И мы отложили чашки, варенье, ложки и пряники,
мы забыли о нежной еде,
когда показал он коллекцию камней – на балконе,
куда сочился, дробясь и пульсируя, меркнущий свет:
ранний вечер.
И мы перешли в помещение
и принялись жадно
наблюдать; мы наблюдали за ними, словно они
шевелились или перемещались, меняясь местами,
не оставляя следов незримых движений,
или, нарочито спокойные, порывались то и дело
куда-то броситься – скорее, последнее.
Всё так; мы наблюдали за ними, угадывая перед собой
великолепную посюсторонность жутких и прелестных камней:
улиткообразных, вогнутых, яйцевидных, острых,
округлых, плоских – разных на вид. Цвет и размер
каждого камня говорил нам о том, откуда он родом.
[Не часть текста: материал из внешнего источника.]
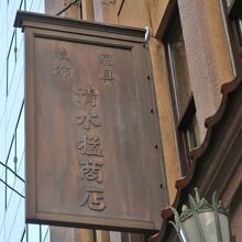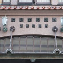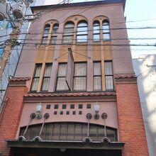 大正13年に建てられた、家具・室内装飾を扱う個人商店さんの小さな町家建築です。縦長のアーチ窓が並び、和風の看板がかかっていました。上層部と下層部の境界にある瓦がアクセントになっています。チェーンで吊り下げられた金属製の庇や照明がレトロでした。

Они, эти камни, были, пожалуй, неотличимы только на ощупь,
одинаковы. Все шершавые, как братья и сёстры,
но педантично чистые, настолько чистые
(без пылинок, без насекомых, без теней), что мнилось,
будто они дышат – камни, лишённые корней,
если не считать суровых и чётких линий
просторного, плетёного блюда, в котором
они покоились, не заслоняя друг друга.
Но мы, признаться, не пробовали их на слух,
потому что голый и короткий стук в пустоте
напомнил бы мне об умершем отце,
хотя – как знать? – им было б, наверно, приятно
сразиться друг с другом боками
и, не расколовшись, ощутить молниеносно блаженство
или гордость, непонятную нам. Наконец
мы насмотрелись вдосталь, мы вроде бы насмотрелись вдосталь,
но что-то невысказанное удерживало нас
и тянуло к ним, к соцветию камней.
Рядом с ними, рядом с их сочным многообразным присутствием
я казался себе одиноким, отторгнутым, почти невидимым.
Вот пористый, вздутый, словно
набычившаяся шея карликового атлета,
иссера-коричневый булыжник – когда
я задел его ребром руки, невольно,
он чуть ли не вздрогнул,
и мне померещилось, что я
не прикоснулся к нему, а вдохнул в него жизнь
на мгновенье, которое тоже как будто
пригрезилось мне.
Вот белый шарик, мертвенно-белый,
залитый восковой белизной: зрачок,
уклоняющийся от искусственного света бра и люстры,
или выколотый где-то на солнечном побережье
безжизненный глаз статуи
какого-нибудь мифического существа – мужчины, –
уже не способного внушать нам
трепетную скромность, какую
мы испытываем теперь от созерцания обычных,
обнажённых и всё же буйных камней, лежащих
в просторном, искусно плетённом блюде.
Вот камушек, чья поверхность такого же цвета,
что и смуглая кожа твоя, и если бы ты
взяла его не боясь, то между рукою твоей
и этой тёмно-бледной, тёмно-прозрачной галькой
исчезло бы постепенно различие, подобно тому
как стирается переход от "здешнего" к "иному"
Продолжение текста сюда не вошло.